15. Başvurucu 31/1/2007 tarihinde Bursa 2. Asliye Ticaret Mahkemesinde (Mahkeme) Dağıtım Şirketi aleyhine alacak davası açmıştır. Dava dilekçesinde, haksız olarak tahsil edilen iletim sistem kullanım bedelinin ödeme tarihinden itibaren işletilecek temerrüt faiziyle birlikte tazmini gerektiği belirtilmiş ve şimdilik 100.000 TL maddi tazminat talebinde bulunulmuştur. Başvurucu 6/5/2008 tarihli dilekçe ile davayı ıslah etmiş ve 8.814.816,18 TL'nin de tazminat talebine eklenmesini istemiştir.

16. Mahkemece yaptırılan bilirkişi incelemesi sonucu düzenlenen raporda 2003 Nisan-2006 Ağustos tarihleri arasında başvurucu Şirketten haksız yere toplam 8.928.377,81 TL iletim sistem kullanım bedeli tahsil edildiği sonucuna ulaşılmıştır.

17. Mahkeme 10/12/2012 tarihli kararıyla davayı kabul ederek başvurucu lehine 8.914.816,18 TL tazminata hükmetmiştir. Mahkeme ayrıca bu tazminatın 100.000 TL'sinin davanın açıldığı 31/7/2007 tarihinden, 8.814.816,18 TL'sinin ise ıslah talebinde bulunulduğu 6/5/2008 tarihinden itibaren 21/7/1953 tarihli ve 6183 sayılı Amme Alacaklarının Tahsil Usulü Hakkında Kanun hükümleri uyarınca hesaplanacak gecikme faizi ile birlikte ödenmesine karar vermiştir. Kararda, borçlu Dağıtım Şirketinin dava tarihinden önce temerrüde düşürülmediği gerekçesine dayanılmıştır.
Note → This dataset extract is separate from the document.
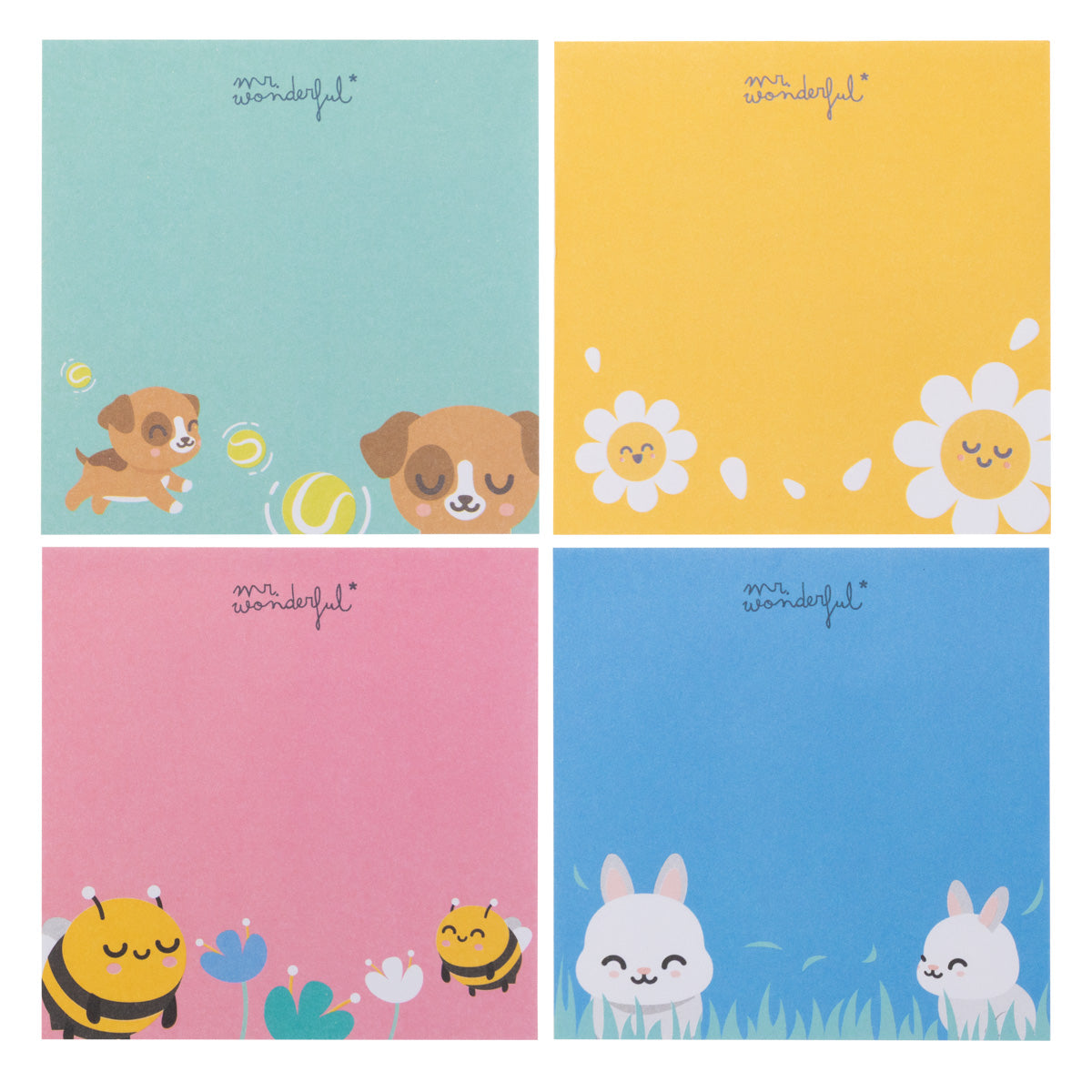 Cajita de cartón cuyo diseño imita a una caja de palomitas. En su interior encontramos un total de 200 notas de papel sueltas, con 4 diseños distintos que se van alternando (margarita, perro, conejo y abeja).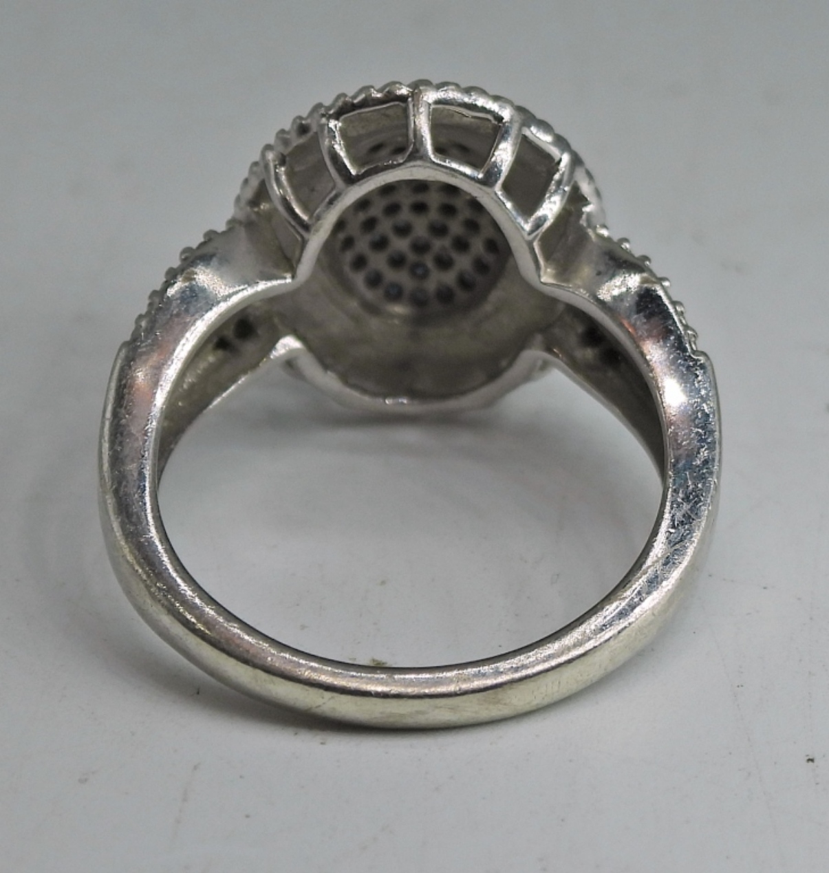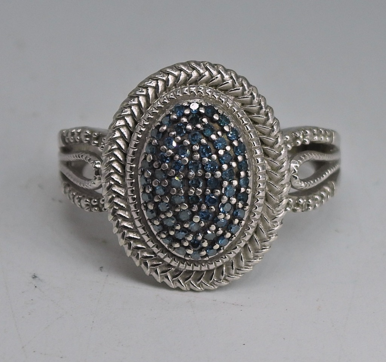 STERLING SILVER RING WITH TINY BLUE DIAMONDS (TESTED), SIZE 7. 2.8 DWT

18. Başvurucu 5/2/2013 tarihli dilekçe ile Mahkeme kararını temyiz etmiştir. Temyiz dilekçesinde, Dağıtım Sistem Kullanım Anlaşması'nın 3/A maddesinde hatalı ödeme durumunda ödeme tarihinden itibaren faiz ödeneceği hükmünün yer aldığı belirtilmiştir. Dilekçede, başvurucunun üç defa ihtarname gönderdiği ve bu ihtarnamelerin borçluyu temerrüde düşürdüğü ifade edilmiştir. Başvurucu Şirket, ödemelerin ihtirazi kayıtla yapılmış olmasının veidari yargıda dava açılmış olmasının da ihtar mahiyeti taşıdığını vurgulamıştır. Başvurucu son olarak Yargıtayın yerleşik içtihadının haksız ödemelerde haksız ödemenin yapıldığı tarihten itibaren faize hükmedilmesi gerektiği yönünde olduğunun altını çizmiştir.

19. Temyiz istemini inceleyen Yargıtay 3. Hukuk Dairesi (Daire) 17/12/2013 tarihli kararla Mahkeme kararını onamıştır. Karar düzeltme istemi de Dairenin 28/4/2014 tarihli kararıyla reddedilmiştir. Nihai karar 18/6/2014 tarihinde başvurucu Şirkete tebliğ edilmiştir.

20. Başvurucu 18/7/2014 tarihinde bireysel başvuruda bulunmuştur.

IV. İLGİLİ HUKUK

21. 22/4/1926 tarihli ve 818 sayılı mülga Borçlar Kanunu'nun Kanunu’nun 101. maddesi şöyledir:

“Muaccel bir borcun borçlusu, alacaklının ihtariyle, mütemerrit olur.

Borcun ifa edileceği gün müttefikan tayin edilmiş veya muhafaza edilen bir hakka istinaden iki taraftan birisi bunu usulen bir ihbarda bulunmak suretiyle tesbit etmiş ise, mücerret bugünün hitamı ile borçlu mütemerrit olur.”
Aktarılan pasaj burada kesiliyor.